▶ **What the task asks**
The answer is a stretch of the material below, returned exactly: the line containing "Since Helene is", the line containing "女子向けラノベタイトル風あだ名 | 『ちふみの卵を拾いまして』 |", and all lines between.

▶ **Dataset content**
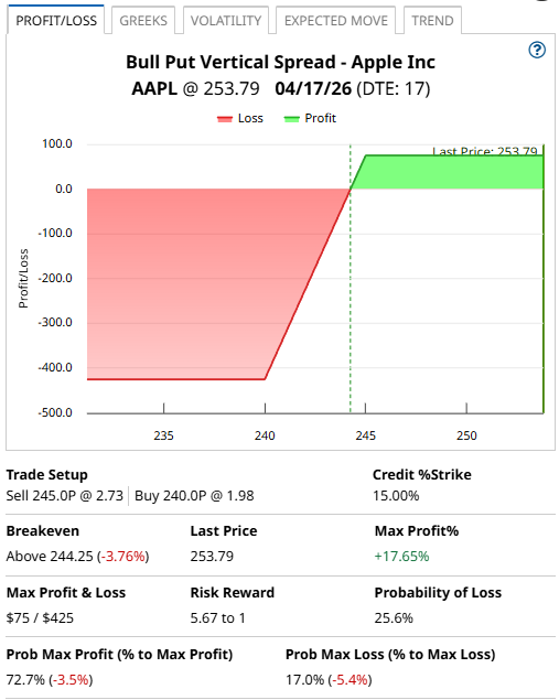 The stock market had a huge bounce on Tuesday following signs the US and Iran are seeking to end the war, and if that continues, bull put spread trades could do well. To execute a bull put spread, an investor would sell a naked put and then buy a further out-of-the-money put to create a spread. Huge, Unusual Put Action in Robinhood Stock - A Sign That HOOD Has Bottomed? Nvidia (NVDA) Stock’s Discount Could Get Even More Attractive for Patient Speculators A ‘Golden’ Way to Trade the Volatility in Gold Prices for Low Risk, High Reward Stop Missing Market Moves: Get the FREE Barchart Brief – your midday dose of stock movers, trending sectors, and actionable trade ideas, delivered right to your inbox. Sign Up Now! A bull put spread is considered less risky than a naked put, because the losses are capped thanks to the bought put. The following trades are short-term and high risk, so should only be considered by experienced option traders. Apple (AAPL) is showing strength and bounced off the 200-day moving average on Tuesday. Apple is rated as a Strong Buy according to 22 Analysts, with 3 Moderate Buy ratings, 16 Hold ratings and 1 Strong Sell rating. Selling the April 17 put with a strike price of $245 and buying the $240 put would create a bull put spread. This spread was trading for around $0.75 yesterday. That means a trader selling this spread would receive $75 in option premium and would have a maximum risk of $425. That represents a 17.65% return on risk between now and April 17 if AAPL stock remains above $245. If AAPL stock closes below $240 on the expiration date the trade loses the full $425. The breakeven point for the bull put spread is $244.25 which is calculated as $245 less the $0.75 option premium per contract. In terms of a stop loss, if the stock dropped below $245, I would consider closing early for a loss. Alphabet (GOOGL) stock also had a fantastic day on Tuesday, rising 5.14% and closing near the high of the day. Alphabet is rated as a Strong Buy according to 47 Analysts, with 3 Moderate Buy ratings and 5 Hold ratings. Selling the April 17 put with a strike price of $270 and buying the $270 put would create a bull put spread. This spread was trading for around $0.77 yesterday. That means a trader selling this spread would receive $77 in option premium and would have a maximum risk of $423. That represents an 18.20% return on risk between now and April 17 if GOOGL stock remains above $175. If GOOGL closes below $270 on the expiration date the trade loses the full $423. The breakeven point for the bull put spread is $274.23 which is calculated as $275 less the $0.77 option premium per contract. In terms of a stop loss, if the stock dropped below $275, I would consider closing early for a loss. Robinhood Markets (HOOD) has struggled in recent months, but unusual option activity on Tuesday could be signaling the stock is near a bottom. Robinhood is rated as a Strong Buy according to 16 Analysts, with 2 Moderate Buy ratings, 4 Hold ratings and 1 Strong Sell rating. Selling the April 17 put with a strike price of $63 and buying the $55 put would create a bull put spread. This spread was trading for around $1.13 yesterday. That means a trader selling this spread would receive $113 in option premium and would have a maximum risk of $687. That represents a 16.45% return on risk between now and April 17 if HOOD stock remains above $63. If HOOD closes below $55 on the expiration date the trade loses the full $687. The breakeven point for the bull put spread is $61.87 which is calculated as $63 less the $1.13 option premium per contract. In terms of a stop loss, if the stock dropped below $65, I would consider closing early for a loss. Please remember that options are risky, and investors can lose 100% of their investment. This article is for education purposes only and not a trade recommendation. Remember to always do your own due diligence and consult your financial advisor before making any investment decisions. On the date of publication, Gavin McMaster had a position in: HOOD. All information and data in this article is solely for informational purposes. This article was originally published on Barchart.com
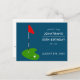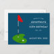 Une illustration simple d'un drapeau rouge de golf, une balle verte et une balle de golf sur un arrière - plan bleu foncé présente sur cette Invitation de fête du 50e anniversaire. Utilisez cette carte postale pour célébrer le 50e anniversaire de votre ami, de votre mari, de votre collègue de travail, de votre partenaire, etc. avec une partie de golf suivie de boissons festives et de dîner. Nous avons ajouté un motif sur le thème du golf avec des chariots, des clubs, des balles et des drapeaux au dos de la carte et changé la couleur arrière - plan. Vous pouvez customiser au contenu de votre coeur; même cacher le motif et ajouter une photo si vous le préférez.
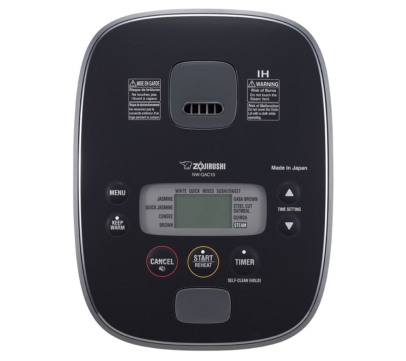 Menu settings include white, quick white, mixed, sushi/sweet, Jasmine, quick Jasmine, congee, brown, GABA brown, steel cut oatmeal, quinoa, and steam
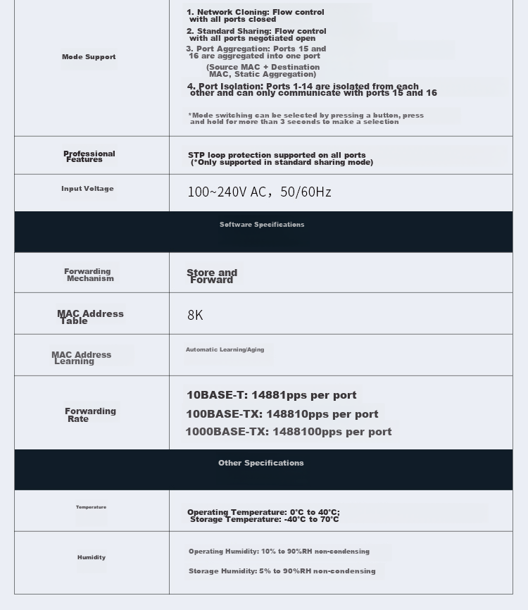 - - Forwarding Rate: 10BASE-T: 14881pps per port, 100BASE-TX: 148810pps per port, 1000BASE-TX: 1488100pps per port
==
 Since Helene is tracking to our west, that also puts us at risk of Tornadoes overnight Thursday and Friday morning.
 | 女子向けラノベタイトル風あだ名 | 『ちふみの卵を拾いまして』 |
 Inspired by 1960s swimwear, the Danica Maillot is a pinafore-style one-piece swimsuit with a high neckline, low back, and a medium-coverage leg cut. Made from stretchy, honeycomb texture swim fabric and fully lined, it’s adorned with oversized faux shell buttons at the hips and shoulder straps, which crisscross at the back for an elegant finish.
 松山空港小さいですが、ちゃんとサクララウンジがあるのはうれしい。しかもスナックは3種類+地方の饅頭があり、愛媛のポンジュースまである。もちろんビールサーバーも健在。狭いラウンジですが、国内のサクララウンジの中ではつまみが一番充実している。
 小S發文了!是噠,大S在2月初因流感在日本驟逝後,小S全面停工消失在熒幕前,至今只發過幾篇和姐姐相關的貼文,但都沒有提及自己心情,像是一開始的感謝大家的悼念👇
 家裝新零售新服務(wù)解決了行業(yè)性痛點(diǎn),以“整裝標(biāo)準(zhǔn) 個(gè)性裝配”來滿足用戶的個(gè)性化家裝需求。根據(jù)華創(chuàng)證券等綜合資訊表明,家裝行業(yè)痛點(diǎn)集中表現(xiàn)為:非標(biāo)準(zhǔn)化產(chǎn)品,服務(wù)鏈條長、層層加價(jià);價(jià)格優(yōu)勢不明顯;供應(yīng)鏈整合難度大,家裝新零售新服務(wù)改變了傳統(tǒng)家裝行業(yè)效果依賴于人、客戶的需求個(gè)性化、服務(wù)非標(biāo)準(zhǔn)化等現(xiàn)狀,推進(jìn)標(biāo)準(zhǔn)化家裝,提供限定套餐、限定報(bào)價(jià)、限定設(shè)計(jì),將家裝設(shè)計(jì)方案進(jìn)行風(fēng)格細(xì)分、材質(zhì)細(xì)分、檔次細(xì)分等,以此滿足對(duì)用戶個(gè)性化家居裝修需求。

▶ **Exercise result**
 Since Helene is tracking to our west, that also puts us at risk of Tornadoes overnight Thursday and Friday morning.
 | 女子向けラノベタイトル風あだ名 | 『ちふみの卵を拾いまして』 |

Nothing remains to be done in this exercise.